03.02.2022 - 07:00 | Son Güncellenme:
Harun KARABURÇ - James Joyce’un “Ulysses”i modern edebiyatın dönüm noktası kabul ediliyor... Amerikan dergisi The Little Review’da Mart 1918’den Aralık 1920’ye kadar tefrika edilen “Ulysses”, 2 Şubat 1922’de kitap hâlinde okurla ilk kez buluştu. O tarihten günümüze de milyonlarca sadık okura ulaştı. Romanın 100. yaşını Türkiye’de, tercüme edebiyatın iki önemli ismi Sevin Okyay ve Fuat Sevimay ile değerlendirdik. Okyay, “Okunması zevkli ve zor bir kitaptır” sözleriyle nitelediği "Ulysses"in çevirisini nasıl yarıda bıraktığını anlattı.

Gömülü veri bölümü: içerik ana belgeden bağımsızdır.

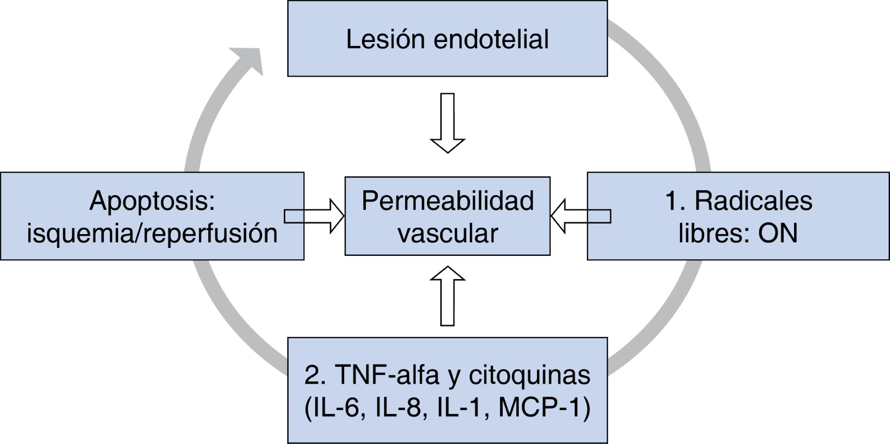 La lesión sobre el endotelio estimula la expresión de moléculas de adhesión que interactúan con los polimorfonucleares y las plaquetas, permitiendo infiltración subendotelial, así como atrapamiento en la microvasculatura, facilitando la vasoconstricción, el edema endotelial y la disminución de la flexibilidad de la membrana celular.14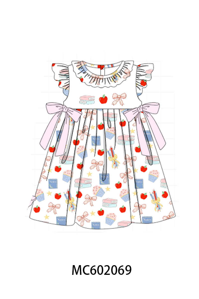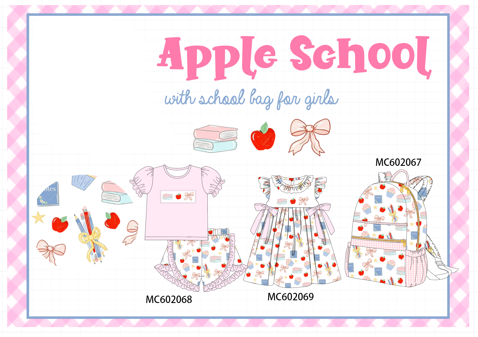 PO81 Pink back to school apple book bow embroidery collection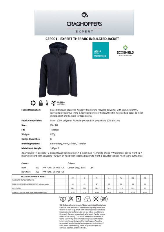 Unisex thermic jacket that will give you the confidence to brave the wind, rain and snow on the outdoor trail. The AquaDry membrane waterproof construction is paired with a layer of insulating hollowfibre fill, hood and a snug lux lining for extra warmth where you need it. A total of 4 pockets, including handwarmer ‘hot pockets’ which provide ample on-board storage.Insulated waterproof and breathable jacket with a full-length zip and 4 pockets10,000mm waterproofRecycled polyester lux lining and recycled polyester hollowfibre fillRecycled zip tapes to inner chest pocket and back zip for logo access.Age Group: AdultFabric: Main: 100% Polyester. Mobile pocket: 88% Polyamide, 12% ElastaneGender: UnisexPlus Size: YesProduct Type: JacketsSize Range: XS to 3XLSizing To Fit: XS 36″ S 38″ M 40″ L 43″ XL 46″ 2XL 49″ 3XL 52″Tag: Sewn TagWashing Instructions: Cool wash with Craghoppers AquaDry waterproof cleaner or pure soap. Wash with similar colours. Do not use bleach or water softeners. Do not use fabric conditioners. Rinse well. Remove immediately after wash. Can be tumble dried on a low setting. Cool iron, if needed, on the outer side of the fabric. Do not dry clean. Do no wring. Close all fasteners before washing and drying. Use Craghoppers AquaDry reproofer if needed. Apply heat as per care instructions if DWR needs regenerating. Fabric may be damaged by solvents, alcohols and insecticides.Weight (GSM): 145gsm]]>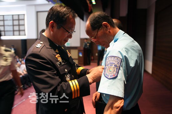 ▲ 김기용 충남경찰청장이 교통삼색장을 수여하고 있다.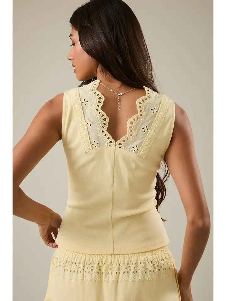 Embrace the whisper of golden hour sunshine with our Tie Front Vest, meticulously crafted in a delicate buttercup hue. Its intricate eyelet lace trim and artfully placed tie-front details evoke a nostalgic charm, inviting you to curate your own distinctive style. A true testament to lived-in romantic femininity, this piece drapes with an effortless grace, perfect for collecting moments under a summer sky or amidst creative reverie.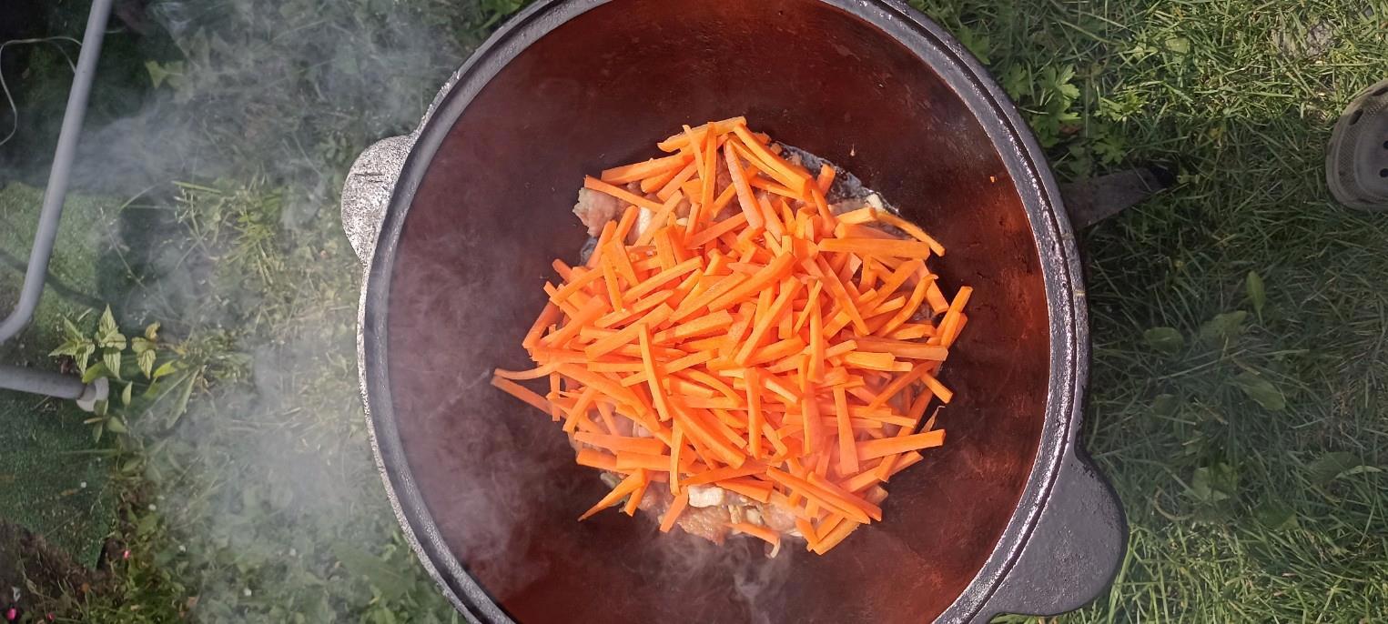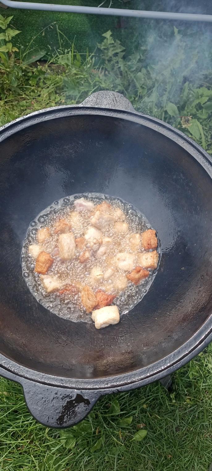 Начал я с того, что разжёг печь, прогрел казан, и закинул в него несколько кусочков сала (не солёное, а только что срезанное с мяса. Граммов сто пятьдесят у меня набралось). Вытопил из него весь жир, убрал шкварки, и жирком хорошенько так стенки казана смочил. Для чего? Заметил, что так в казане никогда ничего не пригорает.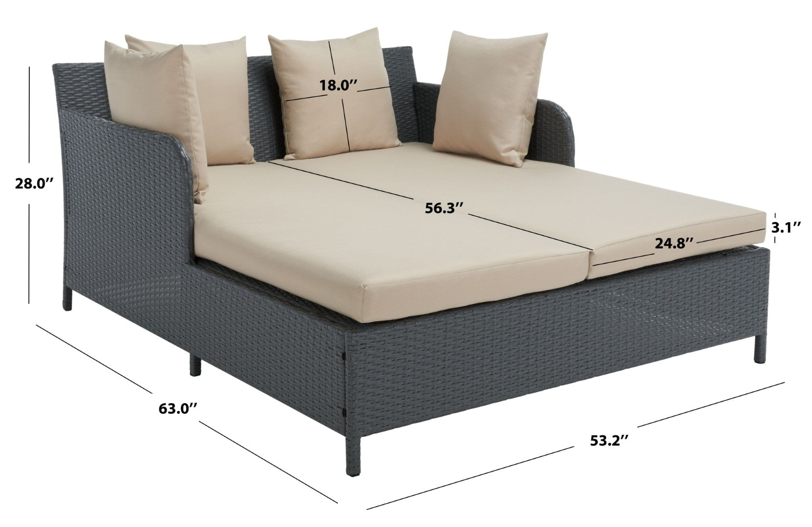 - Cushion Dimensions L X W X H (Inches): Dimensions of the cushion: 56.3 x 24.8 x 3.1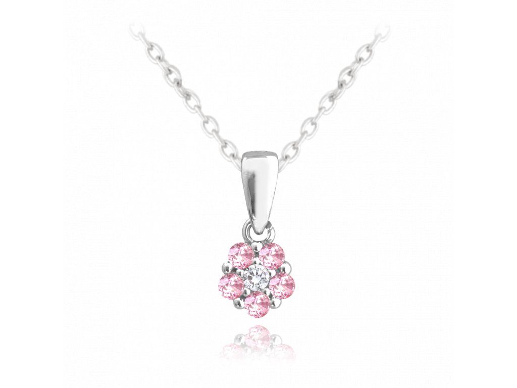 MINET Dětský stříbrný náhrdelník KYTIČKA s růžovými zirkony
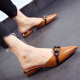 2017夏季新款欧美尖头鞋金属扣平底鞋凉鞋一字拖鞋凉拖鞋女半拖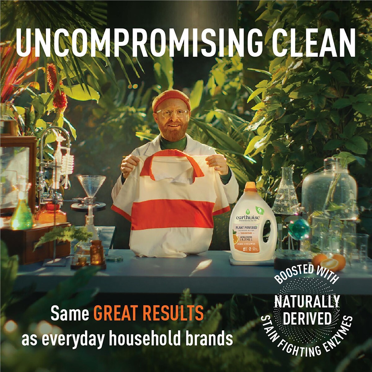 PLANT POWERED CLEANING ACTION - Earthwise Orange & Eucalyptus Laundry Detergent Liquid is tough on stains boosted with naturally derived enzymes and free from nasties^^ to deliver exceptional clean deep into fibres in every wash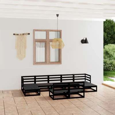 General description This 9 Piece Garden Lounge Set is an excellent choice for relaxing outdoors, whether you're taking a nap or enjoying conversations with family and friends. Made from solid pinewood, this set is sturdy and stable, and can be combined with other modular segments to create your own personalized configurations. Technical specifications Colour: Black Material: Solid pinewood Middle/Corner sofa dimensions: 70 x 70 x 67 cm (W x D x H) Table/Footrest dimensions: 70 x 70 x 30 cm (W x D x H) Maximum load capacity (per seat): 110 kg Assembly required: Yes Delivery contains: 5 x Middle sofa, 2 x Corner sofa, 2 x Table/Footrest SKU: 3076088 Usage To extend the life of your outdoor furniture, it is recommended to: Clean regularly using a mild soap solution. Store in a cool, dry place indoors if possible. If stored outdoors, protect with a waterproof cover. Wipe and dry excess water or snow from flat surfaces after rain or snowfall. Ensure sufficient air circulation to avoid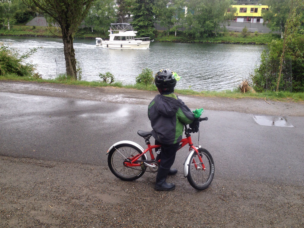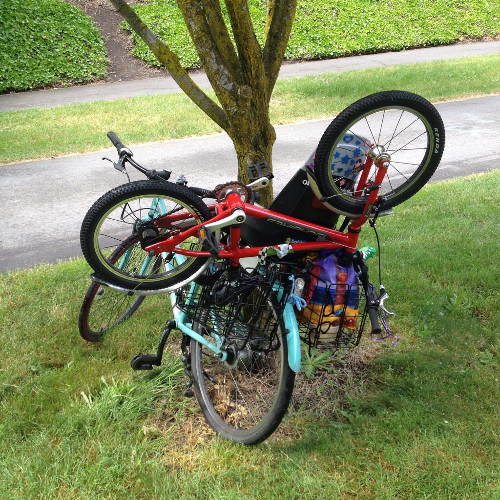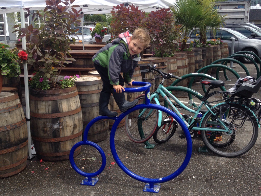 Our first stop was the kids’ bike rodeo, but the kids spent so much time at the adjacent bike decorating station (stickers, streamers, paper salmon, crayons!) that they didn’t get onto the course before the teeter totter broke…not catastrophically, just a crack in the plywood.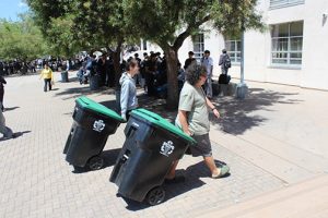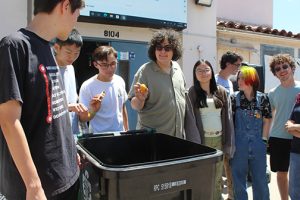 At lunch on Earth Day, April 22, student volunteers stood by two bins specifically designed for food waste. The students educated their fellow students on what can be safely put in the bins. Approximately 40% of all trash is food waste that can be composted under California law.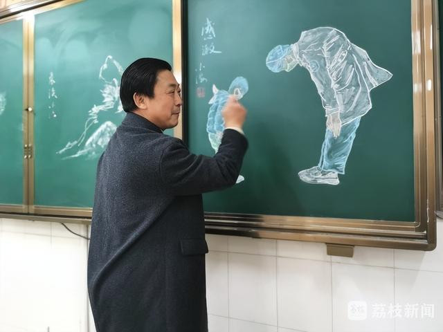 朱中海,全国优秀教师,退休前是扬州数学名师工作室领衔人。他曾经凭借独特的粉笔画,将数学知识转化为200多幅生动的画作,成为学生心中的“网红教师”。2022年退休后,参加了扬州对口援建新疆新源县的“银龄讲学计划”。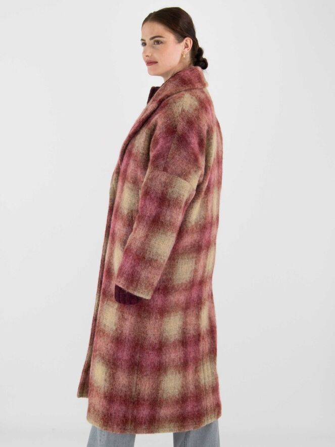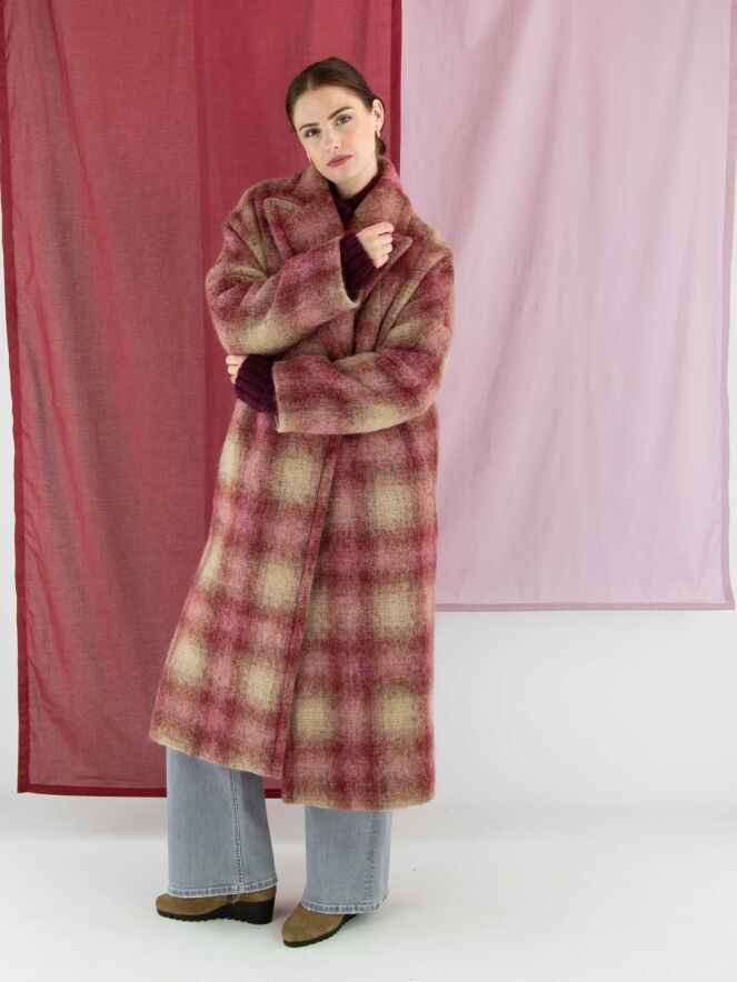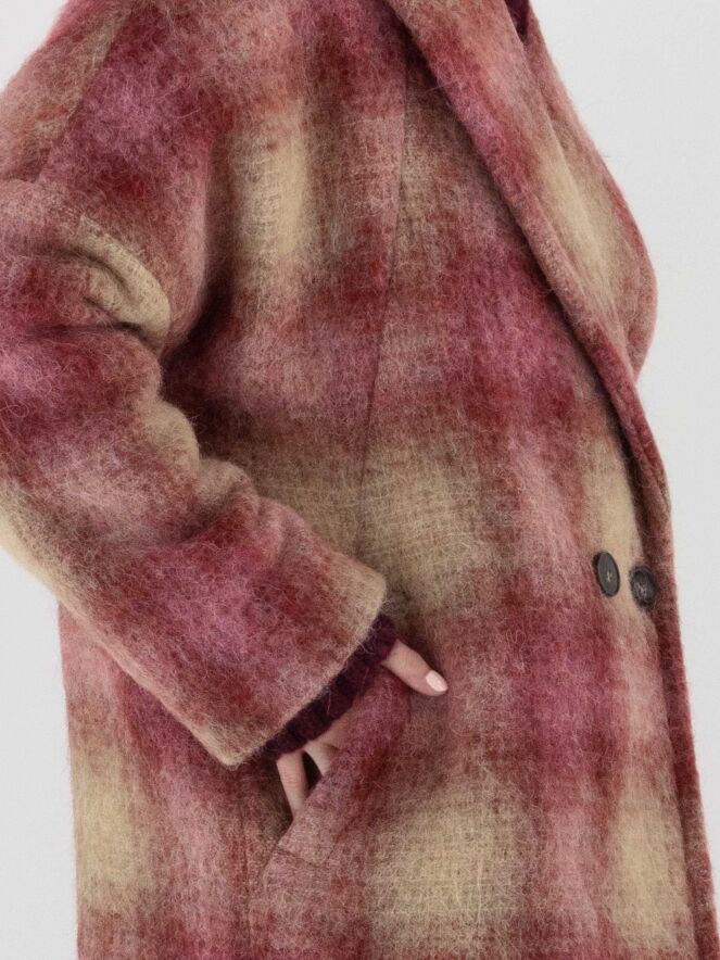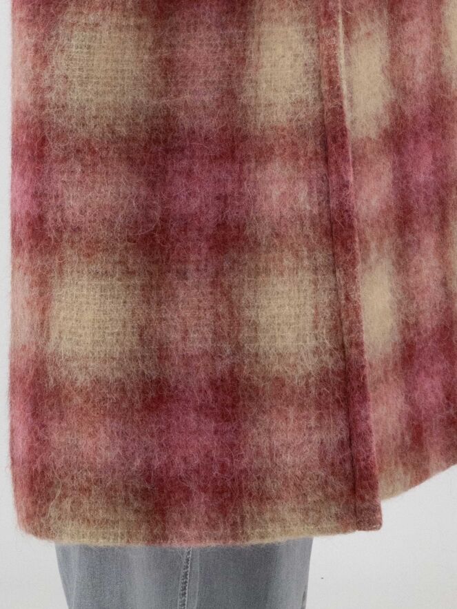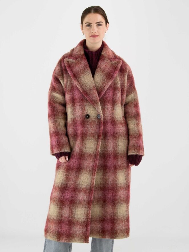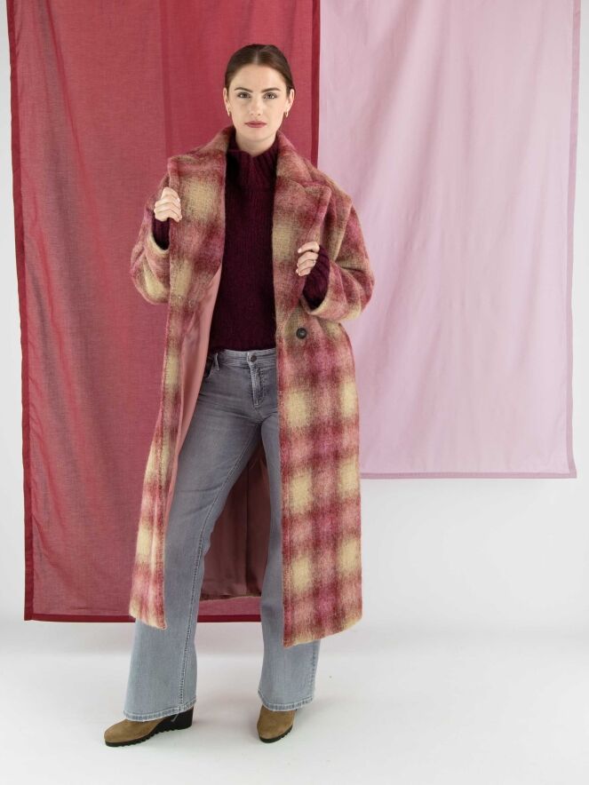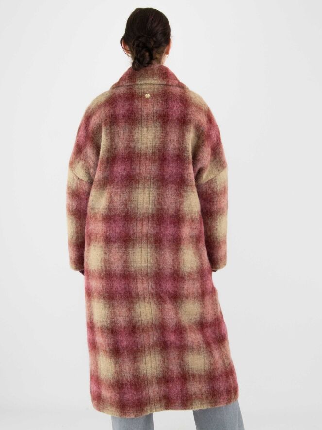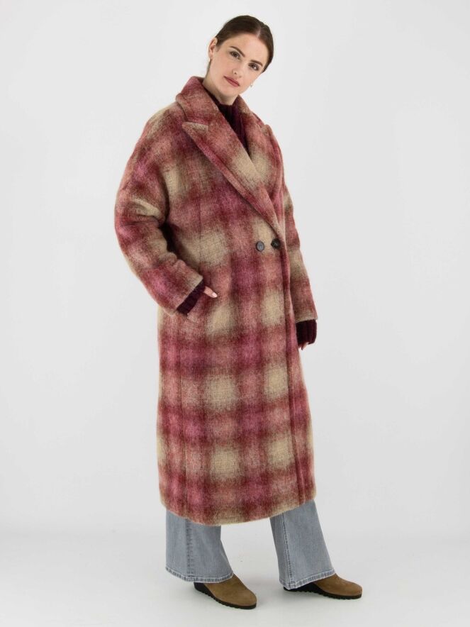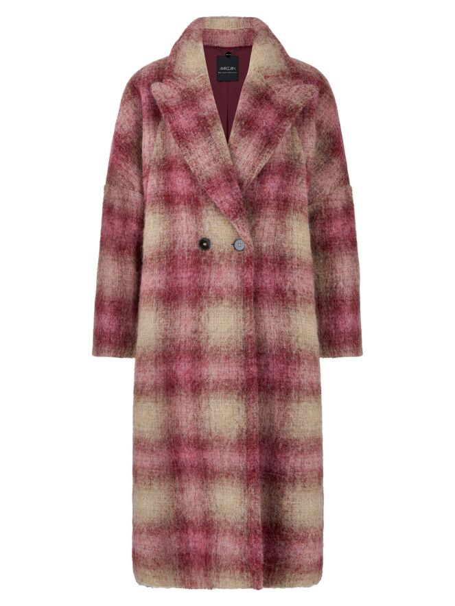 Long double-breasted coat by Marc Cain in a dégradé check print with shades of burgundy and camel. The coat is fully lined and must not be washed.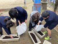 職員玄関側には5年生が育ててくれているプランターの花がきれいに花を咲かせています。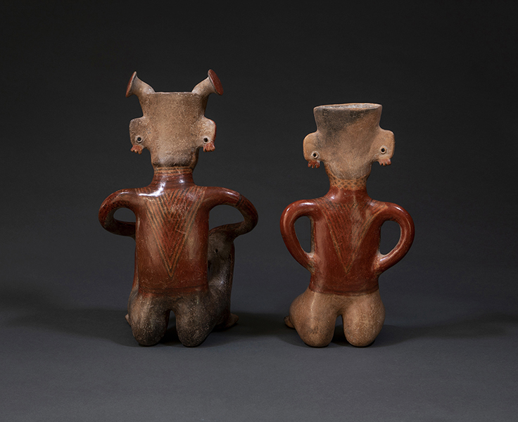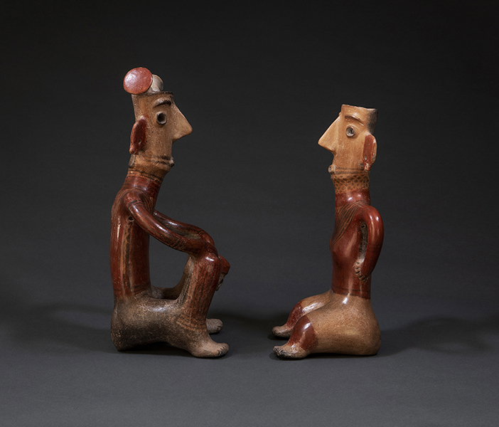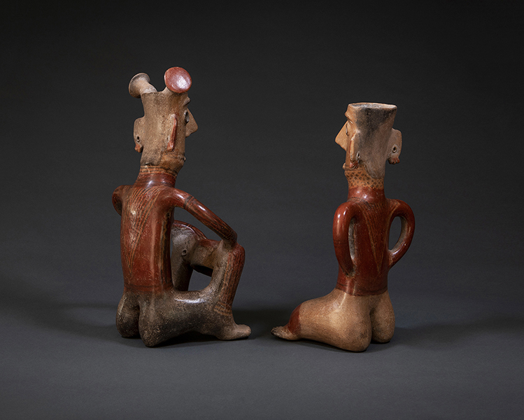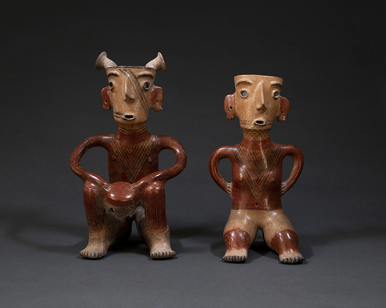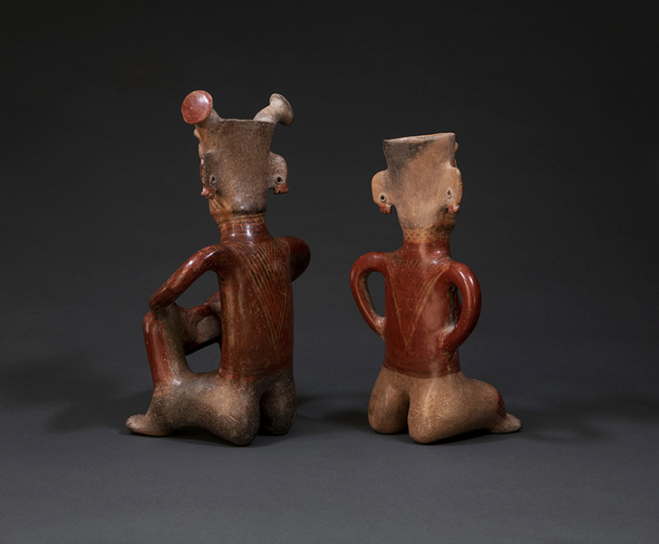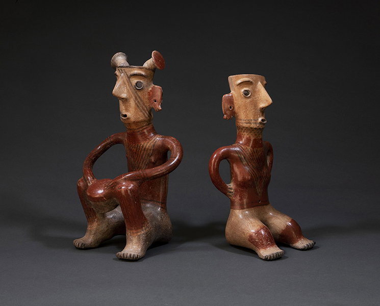 This outstanding pair exhibits the classic characteristics of Zacatecas figures, the female with her arms and hands looped to her waist, her level and open top of her head, the black resist decoration around her neck, the male with the curved horn-like headdress projecting from the top of his open head, and the drum held between his knees. The facts that show that it is a true pair are the identical earrings, the identical chevron-like black decorations on the chests and backs of both figures, the formation of their mouths and eyes are also identical. The red slip is also a match. Most male and female Zacatecas couples are not true pairs. True pairs are exceedingly rare and sought after. P-3801. Height: Male figure is approx. 16 inches (40.6 cm.); The female figure is 14 inches (35.5 cm.)

“2022 yılının Bloom ve Dadalus’larıyız”
Fuat Sevimay: “Ulysses”in hâlen, dünya edebiyatının en önemli yapıtlarından biri olmasının ve muhtemelen bir 100 yıl daha sonra yine okunacak oluşunun, sunduğu bakış açısının, zamandan ve mekândan bağımsızlığından kaynaklı geldiğini düşünürüm. “Ulysses”in neden değerli olduğuna dair onlarca başlık altında, bir dolu şey söylenebilir. Ama iki başlığı ön plana çıkarırsak sanırım sorunun yanıtına daha çok yaklaşmış oluruz. Birincisi; “Ulysses”, bize sahte kahramanlıklar sunmak yerine, kendi günümüzün kahramanı olmamız, yaşamımızdaki eğri ve doğruların farkına varmamız gerektiğini hatırlatıyor. Bu açıdan bizler de 2022 yılının Bloom ve Dadalus’larıyız. İkinci başlıkta, “Ulysses”in, halk ile sanat buluşmadığı sürece, edebiyatın herhangi bir işe yaramayacağını hatırlattığını söylemeliyiz. Halk, kendi çıkarına olacak şekilde ve sanat yoluyla kendini zorlamalı, sanat da sırça köşkten bakmak yerine halka karışmalıdır. Ayrıca biçimden ve sabit üsluptan bağımsız, yepyeni bir anlatım biçimi ortaya koymasıyla, kadim insanlık belleğiyle günlük koşturmacamızı iç içe geçiren müthiş tekniğiyle, çığır açıcı bir eserdir. Kendi gücünün dışında, binlerce sanat eserini etkilemiş olması da ayrıca önemlidir.
“Aramız hep iyi oldu”
Sevin Okyay: “Ulysses”ın kitap olarak yayımlanmasının 100’üncü yılını kutluyoruz. James Joyce’un da 140’ıncı yaşı. Kitap, başkarakteri Leopold Bloom’un Odyssey yolculuğunu izleyerek Dublin’de 24 saat dolaşmasını anlatır. Okunması zevkli ve zor bir kitaptır. Çevirmesi daha da zordur. Ben, evveleski haddini bilmeyen bir şahıs olarak Politika gazetesinde çalışırken sanıyorum, yani 70’lerin sonunda, kitabı o kadar sevdim ki, çevirmeye kalktım. Ne demekmiş “imkânsız”? Oysa evde çalışma şartları elverişli değildi, gazetede de sahiden imkânsızdı. Bilgin de yetersizmiş diyeceksiniz. Evet, böyle denebilir. Ama bana yardımcı olsun diye aldığım Joyce ve “Ulysses” üstüne bütün o kitaplar (Ellmann’ın yüzlerce sayfasını ezberlemiş olsam gerek) o eksiği telafi etmişti. Şimdi önerilen listeye baktım da, neredeyse hepsini biliyorum. Olmayan paramı harcadım, aşırı bilgi edindim ve bu hızla kitabı üç yılda bitireceğimi anladım. Ama Joyce’la ondan sonra aramız hep iyi oldu.